6. Pre-gas Flow and Post-gas Flow

Sending argon 3-4 seconds before arc initiation can push out the air in the tube, ensuring the arc is initiated in a gas-protected environment and preventing the tungsten electrode and pool from oxidizing and creating pores. Delaying the gas shutoff can achieve a cooled, protected pool, as well as avoid defects such as arc pits, cracks, and porosity at the arc termination point. Hence, mastering the correct arc extinguishing method is essential.

7. Operational Skills

Proficiency in operational skills is a vital step in preventing porosity, and each welder needs to possess a strong foundation of these essential abilities. The welding torch, wire, and workpiece must maintain a correct position and relative angle, with coordinated movements.

During welding, the arc needs to be steady, with a consistent height, and abrupt fluctuations are strictly prohibited to prevent gas from instantaneously entering the molten pool and causing porosity. At the same time, observing the changes in the molten pool to enhance the capability to expel porosity is important.

When welding in all positions, the welding torch, wire, and workpiece must maintain a certain distance from each other. The direction is generally from bottom to top, i.e., in the order of up – vertical – flat. When extinguishing the arc, it’s crucial to avoid the appearance of arc pits and shrinkage holes, ensuring that the weld seam is not lower than the base material.

This can be achieved by increasing the weld seam, i.e., slowing down the welding speed when extinguishing the arc, increasing the backward tilt of the torch, and increasing the wire feed when the molten pool temperature is too high. If needed, the arc can be extinguished and re-ignited until the arc pit is filled.

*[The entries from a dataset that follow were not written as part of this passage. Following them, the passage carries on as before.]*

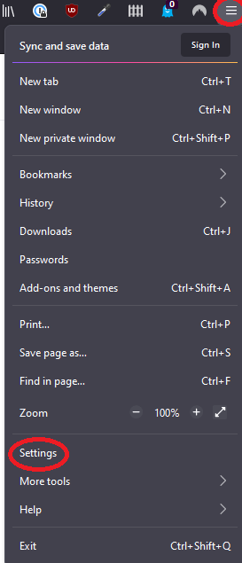 To allow pop-ups on firefox, first click the stacked lines icon in the top right of the browser window and select "Settings" from the drop-down menu
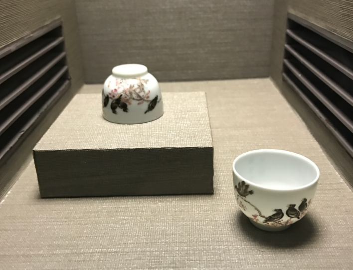 “明看成化,清看雍正”,这对收藏在台北故宫博物院的珐琅彩鸲鹆秋光图杯,向我们展示了雍正的珐琅彩瓷之美。
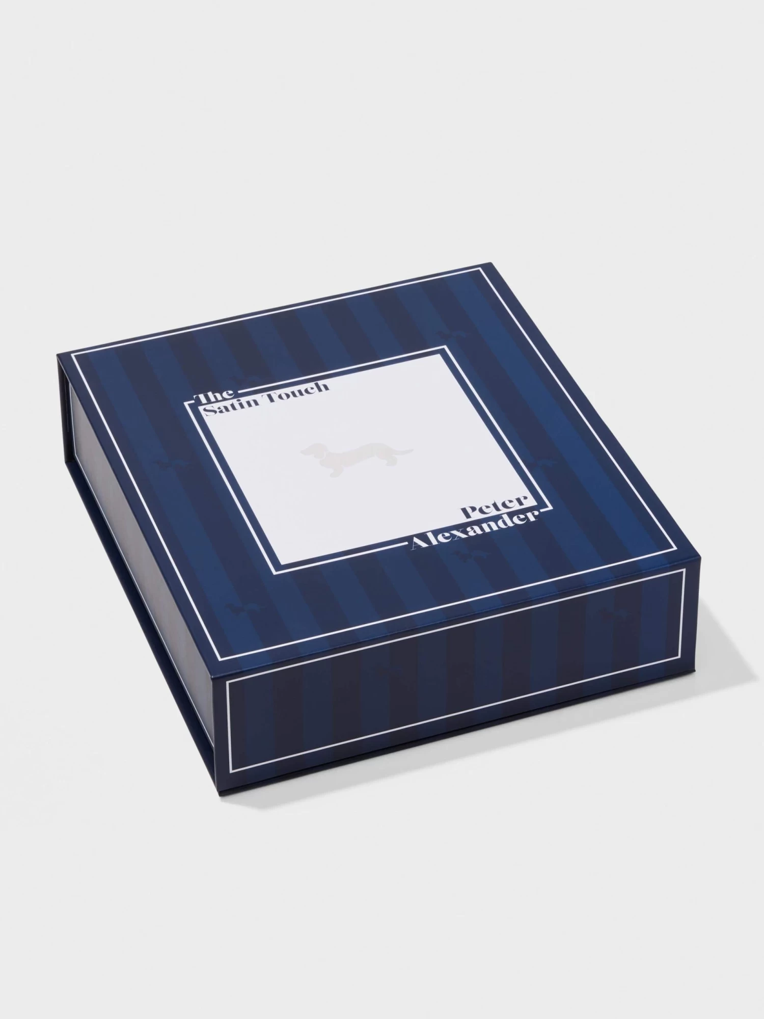 Our number one best selling pyjama set ever has had a glow up! A twist on your favourite style, this new navy shade features a soft self stripe effect with mini penny dogs all over- making it a P.A. exclusive product. White trims and a matching gift box add the extra special touch to produce the perfect gift for any woman, including yourself.
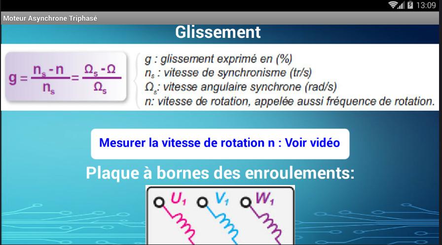 该应用程序包含两个课程;平衡三相系统,三相异步电动机。
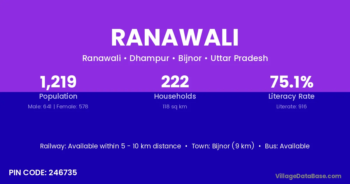 Ranawali village has a total population of 1,219 people, of which 641 are males and 578 are females.
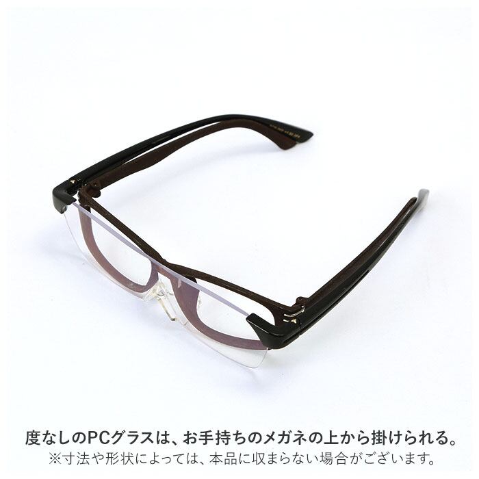 ・度なしのPCグラスはお手持ちのメガネの上から掛けられる(適合寸法よりお手持ちのメガネが小さくても形状によっては本品に収まらない場合があります)

In conclusion, TIG argon arc welding has excellent welding characteristics. Long-term production practice has proven that adopting the above-mentioned process measures can effectively control the generation of porosity, significantly improving the rate of first-time flaw detection and the quality of the welded joint.

IX. Conclusion

Although there are many factors causing pores in manual TIG welding, as long as we understand the characteristics of argon arc welding, investigate the influencing factors one by one according to the actual situation, and eliminate all factors causing pores in the weld during argon arc welding, we can improve the welding quality in the actual production.